- Work task
What is needed here is every line of the records that includes "with".

- Records supplied
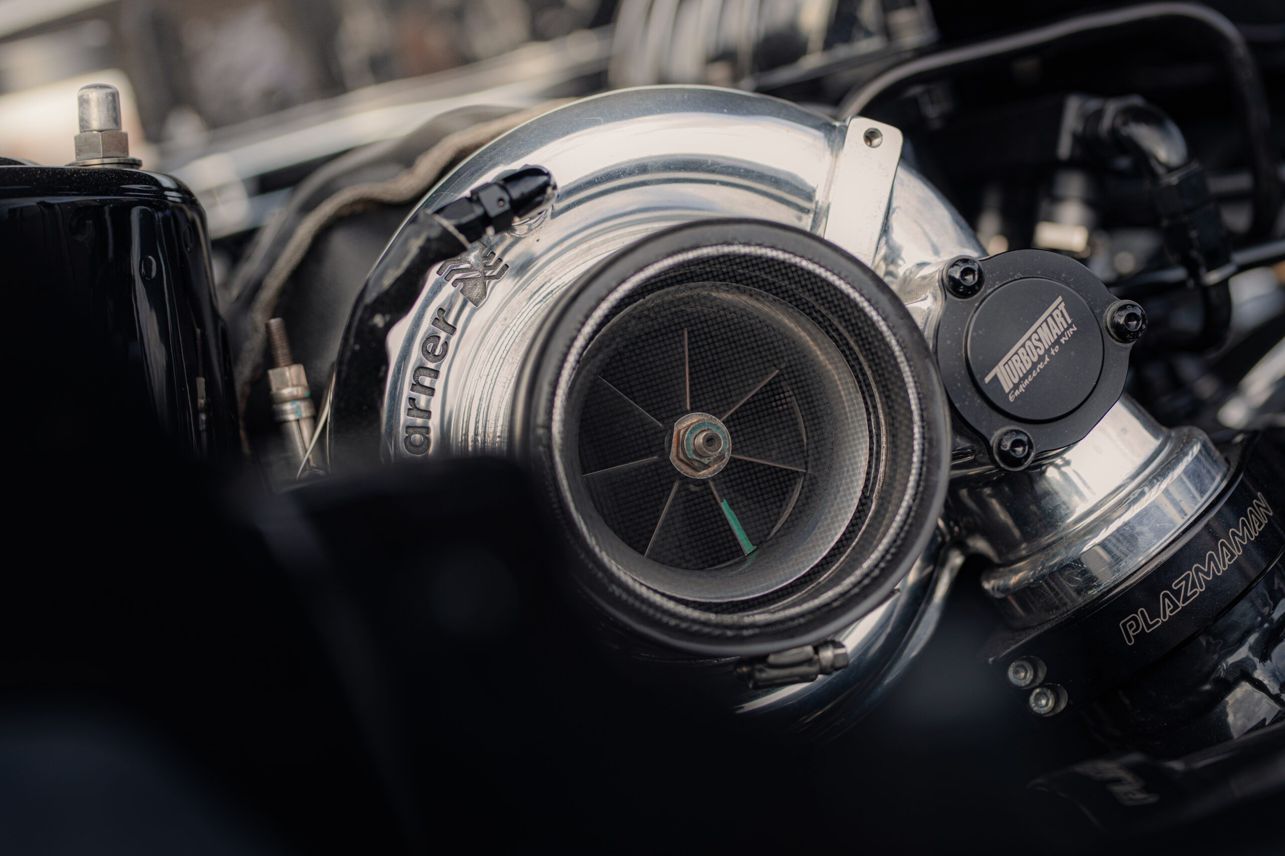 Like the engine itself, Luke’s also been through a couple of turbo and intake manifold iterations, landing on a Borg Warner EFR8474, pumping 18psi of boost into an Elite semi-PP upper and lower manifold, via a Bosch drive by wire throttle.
---
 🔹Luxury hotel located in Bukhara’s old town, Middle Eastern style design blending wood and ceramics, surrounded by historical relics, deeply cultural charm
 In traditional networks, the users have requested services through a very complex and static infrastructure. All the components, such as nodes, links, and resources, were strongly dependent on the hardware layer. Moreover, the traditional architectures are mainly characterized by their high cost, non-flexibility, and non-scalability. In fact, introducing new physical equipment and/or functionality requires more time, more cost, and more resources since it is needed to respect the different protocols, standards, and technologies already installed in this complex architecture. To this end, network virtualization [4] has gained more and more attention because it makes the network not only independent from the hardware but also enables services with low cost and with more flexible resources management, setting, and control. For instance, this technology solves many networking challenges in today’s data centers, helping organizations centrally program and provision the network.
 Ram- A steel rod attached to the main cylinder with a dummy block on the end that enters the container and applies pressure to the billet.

- Expected answer
 In traditional networks, the users have requested services through a very complex and static infrastructure. All the components, such as nodes, links, and resources, were strongly dependent on the hardware layer. Moreover, the traditional architectures are mainly characterized by their high cost, non-flexibility, and non-scalability. In fact, introducing new physical equipment and/or functionality requires more time, more cost, and more resources since it is needed to respect the different protocols, standards, and technologies already installed in this complex architecture. To this end, network virtualization [4] has gained more and more attention because it makes the network not only independent from the hardware but also enables services with low cost and with more flexible resources management, setting, and control. For instance, this technology solves many networking challenges in today’s data centers, helping organizations centrally program and provision the network.
 Ram- A steel rod attached to the main cylinder with a dummy block on the end that enters the container and applies pressure to the billet.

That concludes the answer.